From above results, we can say that on an average a show post received more points or upvotes at 23:00 hour EST or 11:00 PM EST. Also, top 3 show posts have almost the same average number of upvotes per post.

### Compare your results to the average number of comments and points other posts receive.

We have average number of comments and points for Ask HN and Show HN from earlier analysis.

Lets first find the average number of comments and points for other posts. We will use pre-existing functions for that **avg_of_col(dataset, index)** 


In [161]:
#Passing other posts data to find average number of comments on other posts
avg_other_comments = avg_of_col(other_posts, 4)

#Passing other posts data to find average number of comments on other posts
avg_other_points = avg_of_col(other_posts, 3)



In [162]:
#Display average number of comments received by Show HN, Ask HN and Other posts

print("######################Average Number of comments for all the posts######################")
print("\n")
print("On an average Show HN posts received {:.2f} comments per post".format(avg_show_comments))
print("On an average Ask HN posts received {:.2f} comments per post".format(avg_ask_comments))
print("On an average Other posts received {:.2f} comments per post".format(avg_other_comments))
print("\n\n")

#Display average number of points received by Show HN, Ask HN and Other posts

print("######################Average Number of Upvotes for all the posts######################")
print("\n")
print("Average number of upvotes received by Show HN posts are {:.2f}".format(avg_show_points))
print("Average number of upvotes received by Ask HN posts are {:.2f}".format(avg_ask_points))
print("Average number of upvotes received by Other posts are {:.2f}".format(avg_other_points))

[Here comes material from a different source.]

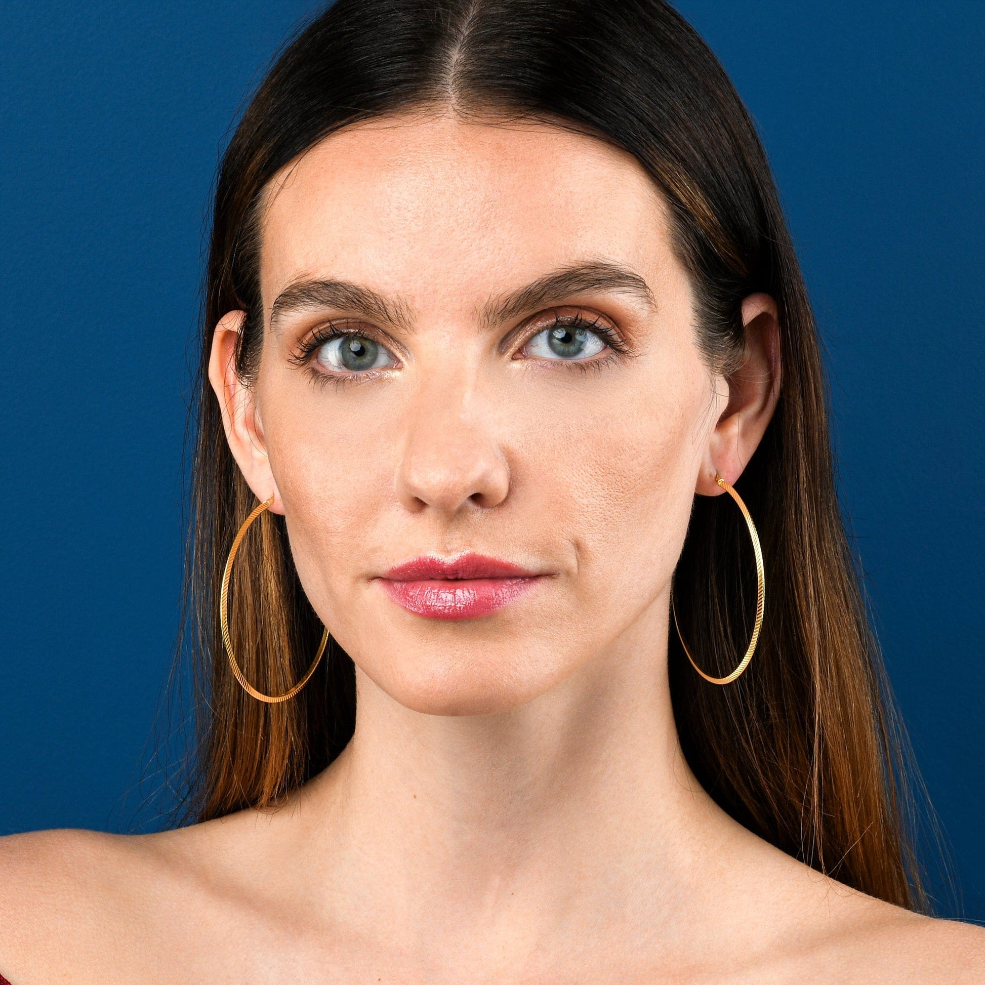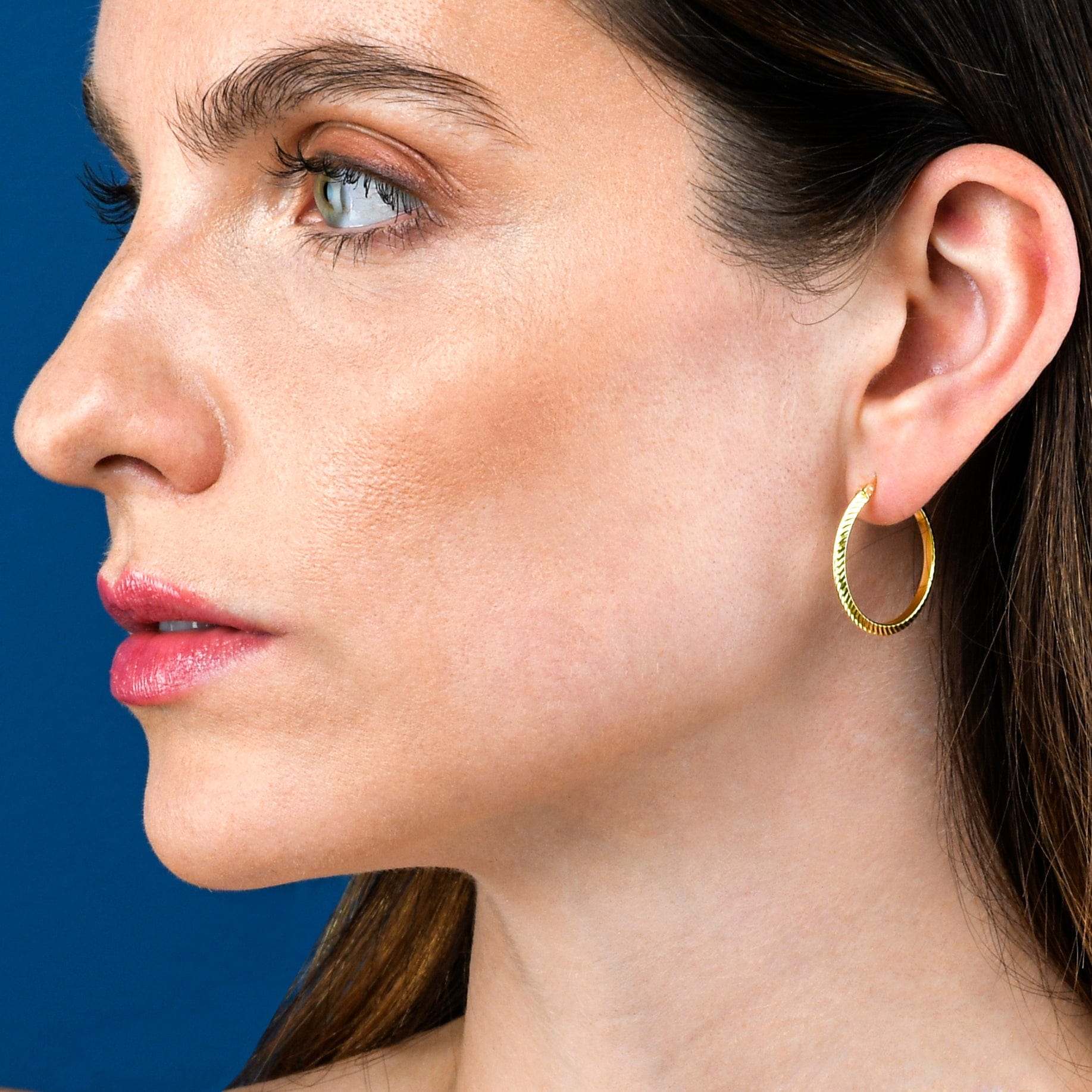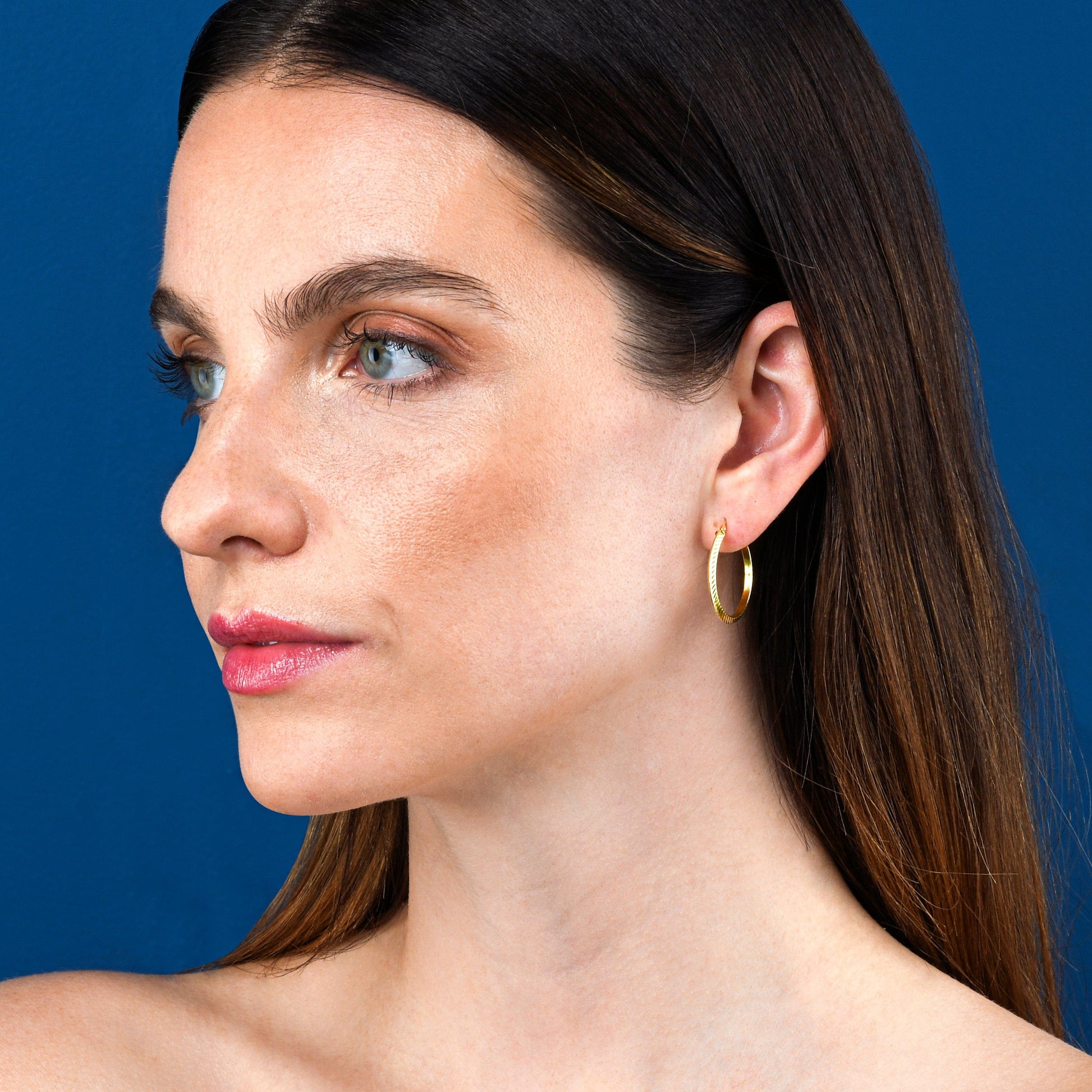 Diamond-Cut Gold Plated 925 Sterling Silver Hoop Earrings For Women

######################Average Number of comments for all the posts######################


On an average Show HN posts received 10.32 comments per post
On an average Ask HN posts received 14.04 comments per post
On an average Other posts received 26.87 comments per post



######################Average Number of Upvotes for all the posts######################


Average number of upvotes received by Show HN posts are 27.56
Average number of upvotes received by Ask HN posts are 15.06
Average number of upvotes received by Other posts are 55.41


Above results show that although Ask post received more comments that Show posts and Show posts received more upvotes, all other posts received way more comments and point than both of them together, which is 26.87 comments per post or around 52% in total and 55.41 points per post or 57% in total.

# Final Conclusion

To summarize, all other posts received more comments(52%) and upvotes(57%) in comparison to ask and show posts togethor. Ask post received more comments per post in comparison to show post but show posts received more upvotes in comparison to ask posts.

It would be a good idea to post a Ask HN between 12:00 PM to 3:00 PM PST since that was when highest number of comments per post were added. Also, best time to create show HN post is between 9:00 AM - 10:00 AM or 7:00 PM to 9:00 PM PST, these are hours when Show post received maximum number of upvotes.